These stick out like a sore thumb because orbitals need to dump heat. The only way to do that in space is to radiate it away. At any likely temperature for doing this, this means outputting a lot of infrared. So a star with a massive IR signature (compared to its visible light) would be an indicator of a Dyson Swarm that you cannot hide and can be seen from massive distances, particularly if you start spreading to nearby stars. A galaxy of such constructs could be seen from millions of light years away by us.

Even at 1% of the speed of light, it would take no more than about 10 million years to fully colonize the galaxy. In terms of the 4.5 billion years it took us to get where we are this is a rounding error. We are likely to be able to build such orbitals within 1000 years, possibly within 100 years.

So, life on Alpha Centauri would mean that rare life evolved on our closest neighbor, it became sentient and hasn't gone this route but it still in the narrow window of emergence of sentience and not becoming spacefaring, all of which is incredibly unlikely when put together, or there's a Great Filter ahead of us.


> that's very bad news for us

It would actually be great news. Your argumentation is sound, but in reality there either is a big filter ahead of us or there is not, this will not change at all when we find alien life. Instead, this would actually give us a solid hint as to which reality we are living in, increasing our chances to pass the filter.


> increasing our chances to pass the filter

Why would this be the case?

I think OC's point is that if the universe is teeming with non-interstellar life, then the great filter will be life's ability to spread beyond its host star, or something before that. But we already can assume that based on the lack of interstellar visitors.

We'd need to discover evidence of extinct life and surmise their end to narrow down what the great filter might be and therefor have a better chance of surviving it.

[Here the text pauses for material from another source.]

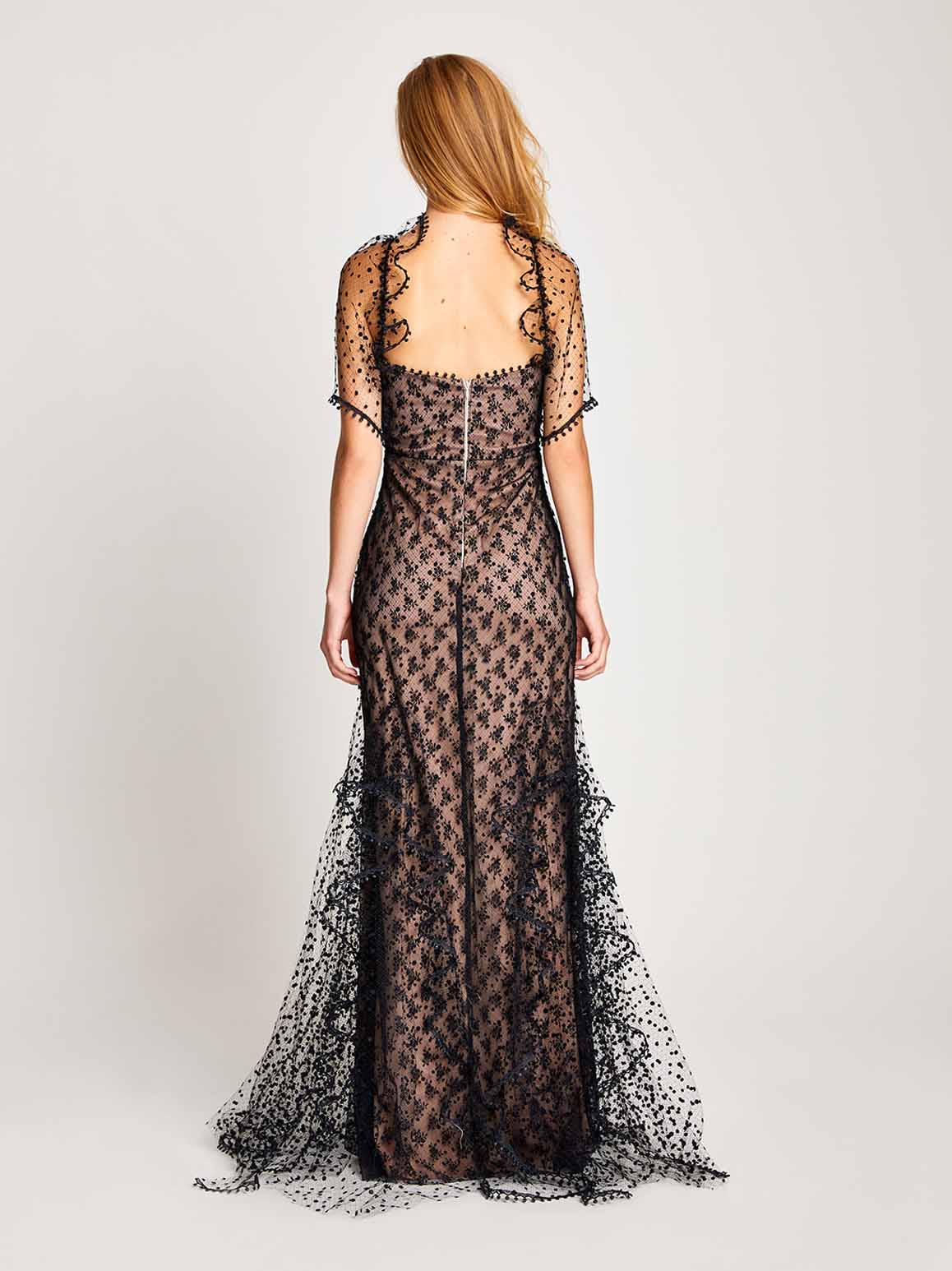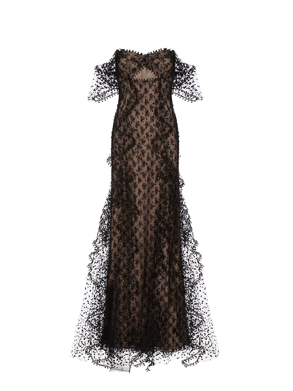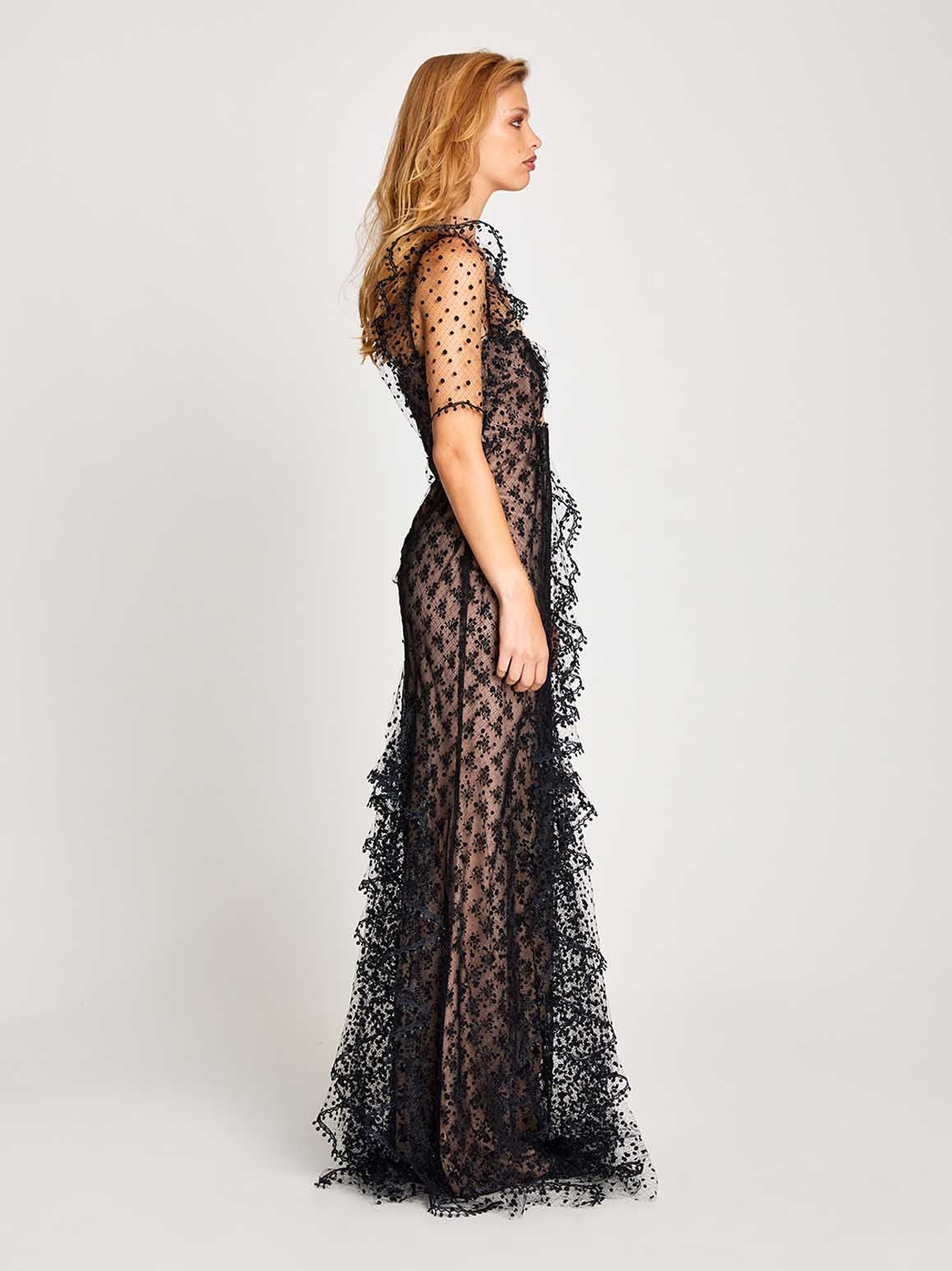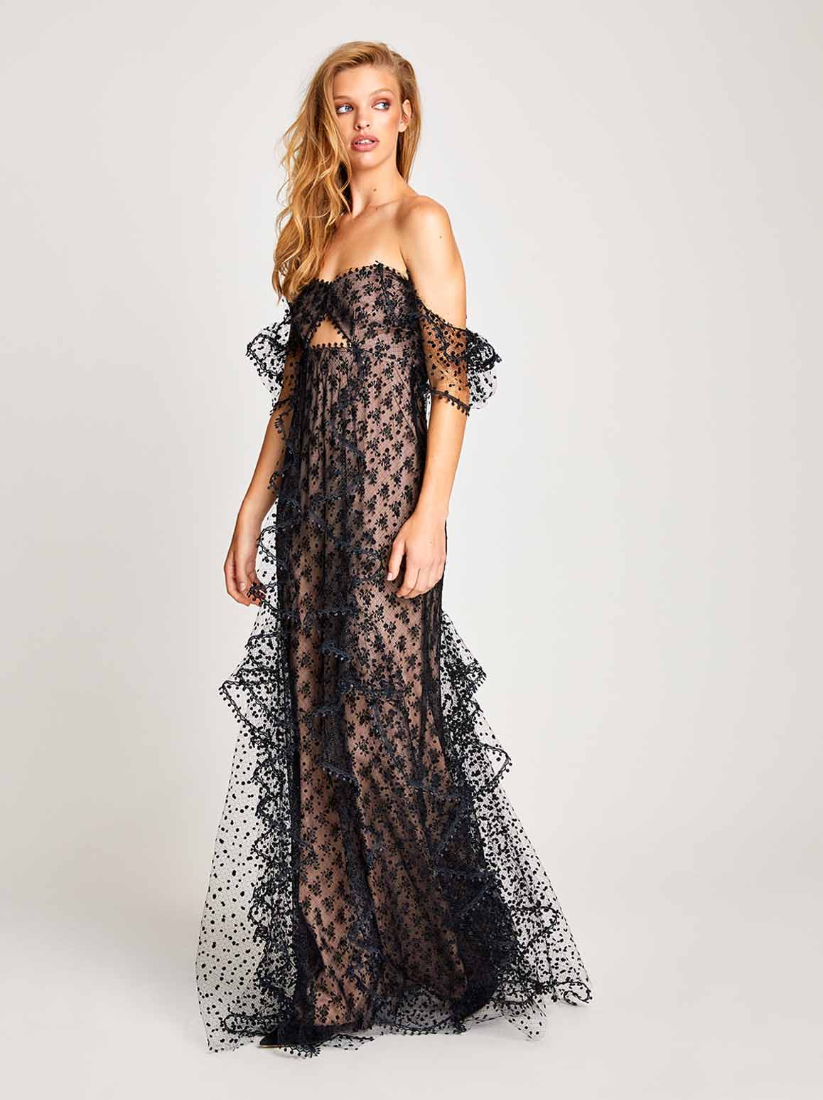 The Found You Gown is a maxi dress that falls at just the right length to sweep across the floor while you dance. The outer layer has been constructed from an embroidered mesh lace with vertical ruffles that cascade down the dress. Temper the long length with your highest pair of heels.

IMO the dyson sphere model assumes energy demands go up exponentially as if we are some cancer growing unchecked with no constraints. How we "should" be is rooted in bias. E.g. modern life is certainly not that healthy for a lot of people, mentally and physically. Maybe living a more primitive life, closer to how we evolved as a species before our rapid cultural evolution phase and desire to make short term profit with all the low hanging resources on earth, might make you more likely to die from various disease without modern medicine. During that lifespan, however, you might have overall better physical health or even mental health being a forager who has to worry about little beyond what you can see in front of you. No existential worries, plenty of physical activity.

We are the only species on earth who lives like this, reorienting how lifestyles should work with every generation, iterating towards not biological efficiency but to further individual resource accumulation supported by society. I think its far more likely most intelligent life in the galaxy looks more like a pod of whales or a herd of gazelle than human society, which is inefficient and selfish in most respects.


> Maybe living a more primitive life, closer to how we evolved as a species before our rapid cultural evolution phase and desire to make short term profit with all the low hanging resources on earth ...

I find this nostalgia for a time when a broken bone was a death sentence to be the misdirection of valid frustration and legitimate grievances. Modern technology in many ways has been great. What hasn't been great is the capitalist organization of the economy that constnatly demands extracting every ounce of value from us so a handful of people can get even more ludicrously wealthy.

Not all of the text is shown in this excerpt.